For anyone still in school, networking is easy for students who take initiative. This doesn't mean going to networking events. It means actually doing things with actual people: get involved in undergraduate research, sports, arts, Greek life, volunteering, on-campus part-time jobs, etc. Universities have those low-barrier low-risk things going on that you can just try out. Students who do this get the inside track on opportunities that aren't broadly advertised, so they face far less competition and are likely better fits for those opportunities due to the experience they got by being involved.


Replies

ipaddrtoday at 7:23 PM

Stop applying for jobs and get involved in Greek life, sports, arts and working part time in the cafe serving food? You will meet so many people who are involved in your field and you get labelled as something other than a programmer.

This is terrible advice. Apply, cold call, create projects, job fairs, get co-op opportunties and ambush are better ways. Hackathons, github projects or small businesses can help. 9/10 CEOs will ignore your cold outreach but some won't.
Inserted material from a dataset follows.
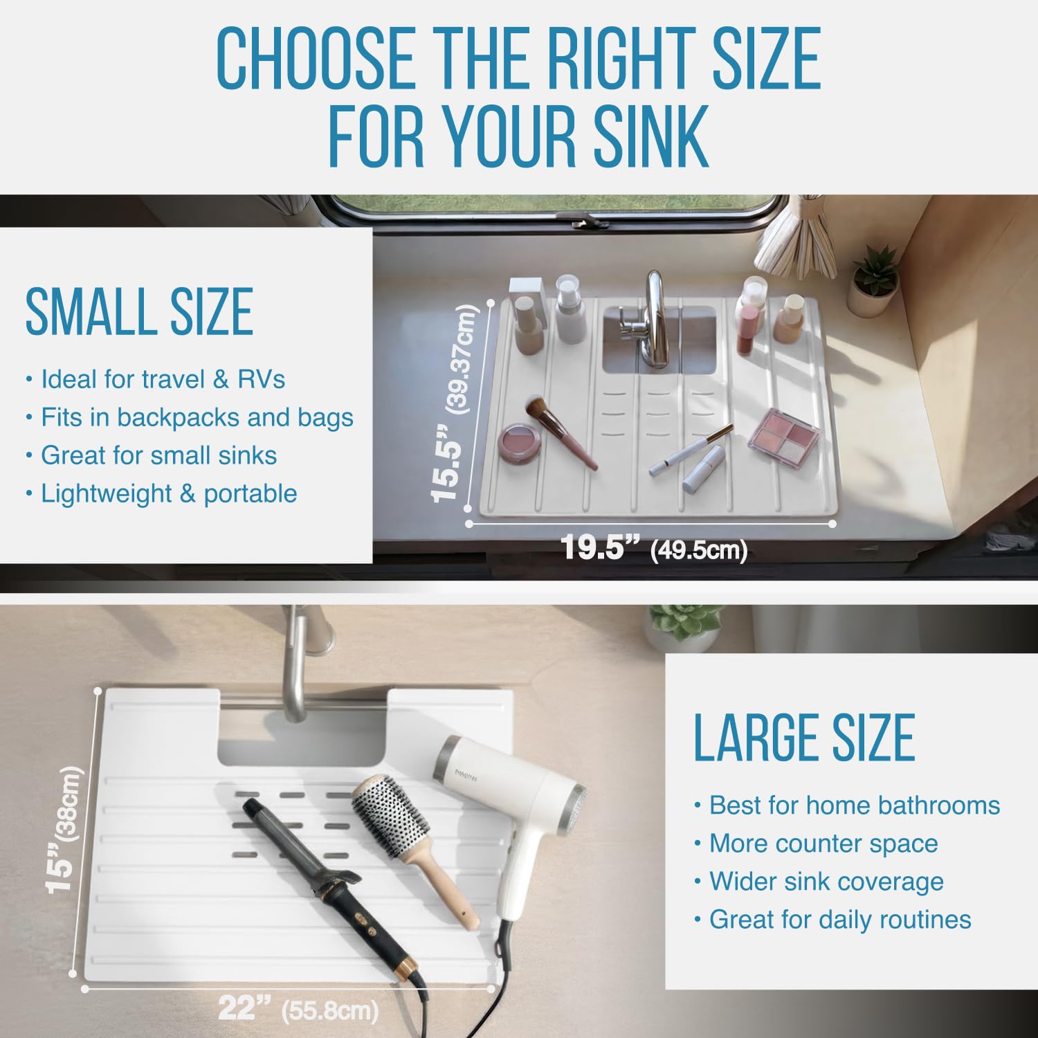 - Compact Travel Companion: This foldable sink cover for counter space makeup compacts easily to fit into any travel bag. Its portable countertop size is perfect for hotels, dorms, and camper vans, ensuring a tidy vanity area wherever you go

Getting too busy making friends at the Greek houses will land you a marketing role if you are lucky. People need to associate you wish your craft. If they know you as a social guy you will get social roles. Any developer too social is suspect for many and ends up at best a pm.

When I was coming up people went into hardware/certifications to bridge the gap but moving from hardware to software was a gap too big for many as they became typecast.